Mereka melompat dari atas pagar ke halaman belakang rumah dengan gampang, kemudian bergegas menuju ke arah pintu. Tampaklah pintu kayu yang dikunci menggunakan gembok perak. Bardi mengeluarkan linggis dan palu dari dalam ranselnya. Ia berdiri tegak, lalu mengarahkan mata linggis ke gembok yang mengunci. Dug! Dengan sekali hantaman palu ke linggis, gembok perak itu terbuka. Veronica melirik ke sana kemari, berharap tidak ada seseorang yang mendengarnya.

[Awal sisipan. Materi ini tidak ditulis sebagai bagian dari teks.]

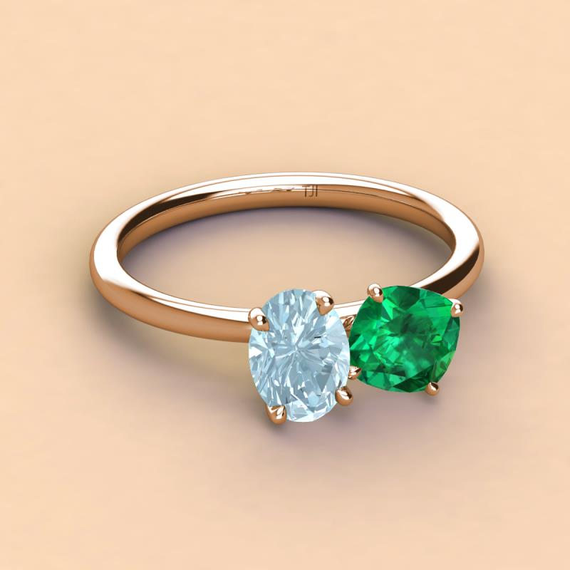 Oval Shape Aquamarine & Cushion Shape Emerald 2.25 ctw Four Prong Womens 2 Stone Duo Engagement Ring 18K Rose Gold More Details ...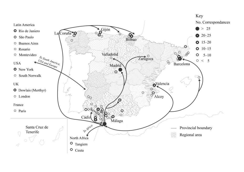 Publishing underwrote every aspect of anarchist practice at this time. Almost 300 titles were launched by anarchist groups in Spain from 1890-1915, who published around 7,300 issues between them. Every sizeable population produced a paper in this period, from Cádiz on the southern coast to Irún on the Basque-French border, and La Coruña on the Atlantic north to Valencia on the Mediterranean [map 1]. Anarchist print was distributed to every corner of Spain, where correspondents would hand out papers or read to their illiterate comrades, and relate the affairs of their locality in letters back to the publishers, many of which would then be published in future issues [map 2].

Klak! Bardi menekan daun pintu, ternyata pintu masih terkunci. Ia jongkok di depan pintu, menaruh palu dan linggis di lantai. Pria itu mengeluarkan dua buah kawat kecil yang berbentuk huruf r dan satunya berbentuk huruf L dari saku celana. Kemudian ia memasukkan kawat yang berbentuk huruf L itu ke bagian dasar dari lubang kunci. Pria itu juga memasukkan kawat yang berbentuk huruf r di bagian atas kawat L. Kemudian Bardi menggunakan ujung bawah kawat r untuk mencari dan menekan pin lubang ke atas hingga keluar dari rumah kunci—dan kunci terbuka dengan sendirinya.
Klak! Bardi berhasil membuka pintu belakang, ia pun melangkah masuk, diikuti oleh Veronica dibelakangnya. Mereka menyalakan senter dan berpisah, Bardi naik ke lantai atas, sedangkan Veronica memeriksa lantai bawah.